3. P(D given pos) = P(D and pos) / P(pos) = (P(pos given D) * P(D)) / P(pos) = (0.95 * 0.01) / 0.1085 = 0.08756
- Ans: 8.76%

### Question 4

Suppose a student is taking a 50-question multiple-choice exam with 4 answer choices per question. For each question, the probability that the student knows the correct answer is 80%. The student correctly answers these questions, and guesses uniformly at random on the other questions.

1. For a single quesiton, what is the student's expected score if correct answers get 2 points and incorrect answers get 0 points?
2. What is the student's expected overall score on all 50 questions if correct answers get 2 points and incorrect answers are penalized with 0.5 negative points?

1. Let K = knows correct answer, C = correct answer 
- P(K) = 0.8, P(!K) = 0.2
- If K, then P(C) = 1; If !K, then P(C) = 1/4
- E(ppq given K) = 2, E(ppq given !K) = 0.5
- E(ppq) = 0.8 * 2 + 0.2 * 0.5 = 1.6 + 0.1 = 1.7
- Ans: 1.7

2. Modify E(ppq given !K) = (1/4) * 2 + (3/4) * -0.5 = 0.5 - 0.375 = 0.125
- E(ppq) = 0.8 * 2 + 0.2 * 0.125 = 1.625
- E(score) = 1.625 * 50 = 81.25
- Ans: 81.25

### Question 5
To simplify this problem, assume that a year has twelve equal duration months, rather than the unequal months as in the standard Gregorian calendar. 

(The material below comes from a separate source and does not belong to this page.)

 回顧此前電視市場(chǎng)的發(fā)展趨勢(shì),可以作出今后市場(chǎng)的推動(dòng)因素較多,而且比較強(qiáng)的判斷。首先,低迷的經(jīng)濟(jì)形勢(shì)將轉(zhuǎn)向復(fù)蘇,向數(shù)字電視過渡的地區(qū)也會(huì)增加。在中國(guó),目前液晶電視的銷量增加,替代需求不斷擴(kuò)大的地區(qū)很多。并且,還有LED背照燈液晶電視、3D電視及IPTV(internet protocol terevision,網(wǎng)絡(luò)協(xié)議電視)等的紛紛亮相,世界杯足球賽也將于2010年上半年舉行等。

1. Assuming that people are equally likely to be born in any month, how many people must be selected independently and uniformly at random before the probability that at least two of the selected people have the same birth month is at least 1/2?
2. Now assume that for each month among May, June, July, and August, the probability of being born in that month is 1/10, whereas for every other month the probability of being born in that month is 3/40. What is the probability that two people selected uniformly at random have the same birth month? Is this more or less than in part a? 

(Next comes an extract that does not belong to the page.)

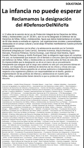 A 12 años de la sanción de la Ley de Protección Integral de los Derechos de Niños, Niñas y Adolescentes (Ley N° 26.061), aún no se ha designado el Defensor de los Derechos de Niñas, Niños y Adolescentes, figura que debía implementarse en el plazo de 90 días desde su entrada en vigencia. Las organizaciones sociales y personalidades destacadas en el campo cultural y social abajo firmantes manifestamos nuestra profunda preocupación.

1. n = 5, because 1 - (12 * 11 * 10 * 9 * 8) / 12^5 = 0.618 > 0.5
2. 0.085, which is greater than that of part a

### Question 6

1. Suppose the average/mean home price in the United States is 300,000 dollars. If we select a home uniformly at random, what is an upper bound on the probability that it's price is more than 1 million dollars? That is, provide and justify a statement of the form "The probability that a home chosen uniformly at random has price greater than $X$ is at most $P$." Use Markov's inequality to provide the bound.
2. Suppose the standard deviation in home prices is 100,000 dollars. Use Chebyshev's inequality to provide a better upper bound on the probability that a home selected unfiormly at random has price more than 1 million dollars.
3. Suppose we have an iid sample of $n$ home prices and the empirical mean price $\overline{X}_n$ is greater than 301,000 dollars. Assuming that we know the standard deviation in home prices is 100,000 dollars and assuming $n$ is large enough that the central limit theorem applies, how many samples $n$ would we need before we could conclude that the probability of observing $\overline{X}_n > 301,000$ is at most 5%, assuming the true mean of the underlying distribution is 300,000 dollars?    

1. Markov's Inequality: P(X >= a) <= E(X) / a
- P(X >= 1,000,000) <= 300,000 / 1,000,000 = 0.3
- Ans: 30%

2. Chebyshev's Inequality: P(|X - E(X)| >= a) <= Var(X) / a^2
- P(|X - 300,000| >= 700,000) <= (100,000)^2 / (700,000)^2 = 0.02
- Ans: 2%

3. Central Limit Theorem: Z = (X-mu) / (sigma / sqrt(n))
- P(Xn > 301,000) <= 0.05
- Z = (301,000 - 300,000) / (100,000 / sqrt(n)) 
- Z = 2 since 95% of the data are within 2 standard deviations of the mean, so n = 40,000
- Ans: 40,000

### Question 7
There were 151 "pokemon" in the original generation of the popular franchise. Suppose you start purchasing pokemon cards. Each card you purchase has a pokemon chosen independently and uniformly at random from the 151 possible with replacement (that is, you can get the same card multiple times). Use Monte Carlo Simulation to estimate answers to the following questions. You can use Python's `random` library or the `numpy.random` library.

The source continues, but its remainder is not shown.